If I open the excel-file, with the percentage format with pandas, pandas ist converting the values like this:.
Original value in the excel file: 8,61565740319208%
Converted value by pandas: 0.0861565740319208
The value should be 8,61565740319208% befor I remove the percentage sign with Python. (The dot-decimal seperator is not a problem)
Since the suppliers delivers the excel-files with or withou the percentage format, I just cant multiply the values in pandas by 100. Pandas is converting the values automatically, so I have no chance to check, if there is a % or not in the cell. I am using openpyxl as engine.
While my code is multiplying the values with 100, this is wrong.
Code:
import os
import pandas as pd
from datetime import datetime
def clear_date(date: str) -> str:
if len(date.strip()) == 10 and "." in date: #10.02.2023
return date
elif len(date.strip()) > 10 and "-" in date:
return datetime.fromisoformat(date).strftime("%d.%m.%Y")
def clear_faktor(faktor: str) -> str:
try:
faktor = faktor.replace("%","")
if "," in faktor:
return f"{faktor:0<8}"[:8]
elif float(faktor) < 0.1:
return f"{str(float(faktor[:10])*100).replace(".", ","):0<8}"[:8]
else:
return f"{faktor:0<8}"[:8]
except Exception as error:
print(error)
def clear_LF(lf: str) -> str:
if lf == "LF10":
return "LFA"
else:
return lf
if __name__ == "__main__":
#Set Path
path_main = os.path.dirname(os.path.realpath(__file__))
path_offer = os.path.join(path_main, "Offer")
path_cleared = os.path.join(path_main, "Cleared")
#create necessary folders"
if not os.path.exists(path_offer):
os.makedirs(path_offer)
if not os.path.exists(path_cleared):
os.makedirs(path_cleared)
original_files = iter(os.listdir(path_offer))
#Clear files
for file in original_files:
o_file = pd.DataFrame()
if os.path.splitext(file)[1].upper() == ".XLSX":
try:
o_file = pd.read_excel(os.path.join(path_offer, file), dtype="str")
except PermissionError:
continue
elif os.path.splitext(file)[1].upper() == ".CSV":
try:
o_file = pd.read_csv(os.path.join(path_offer, file), dtype="str", sep=";", encoding_errors="ignore")
except PermissionError:
continue
else:
continue
index_header = o_file[o_file.isin(["Typ", "MODEL_GUID", "VALID_FROM", "VALID_TO", "LAUFZEIT", "FAKTOR"]).any(axis=1)].index.values
if index_header and index_header.size == 1:
header = o_file.loc[index_header[0]].values
o_file = o_file.loc[index_header[0]+1:, :]
o_file.columns = header
o_file.dropna(subset=["FAKTOR"], inplace=True)
o_file["Typ"] = "LF"
o_file["LF"] = o_file["LF"].apply(clear_LF)

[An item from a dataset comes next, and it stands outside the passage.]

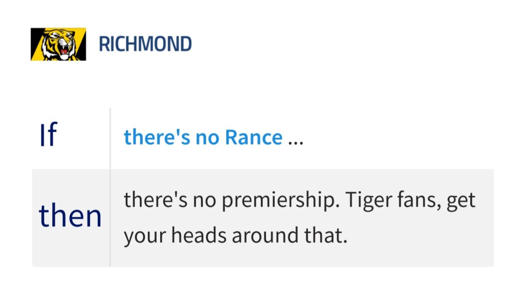 So the only two Grand Finals in history without a Top 2 team have been won in absolute smackings by Richmond; 1980 by 81 points, and 2019 by a lazy 89 points.

o_file["VALID_FROM"] = o_file["VALID_FROM"].apply(clear_date)
o_file["VALID_TO"] = o_file["VALID_TO"].apply(clear_date)
o_file["FAKTOR"] = o_file["FAKTOR"].apply(clear_faktor)
o_file = o_file.loc[:, "Typ":"FAKTOR"]
try:
o_file.to_csv(os.path.join(path_cleared, f"{os.path.splitext(file)[0]}.csv"), index=False, sep=";", encoding="utf-8")
except PermissionError:
continue
else:
continue
What I have tried:
I tried the converters parameter in the read_excel method with this function:
def to_excel(strng): return str(strng)
The parameter dtype="str" in the read_excel method has also not the effect, I want.
I also tried to open the excel-file with openpyxl, but the result is the same, like opening the file with pandas (pandas is using openpyxl as engine).
Nothing of this is working.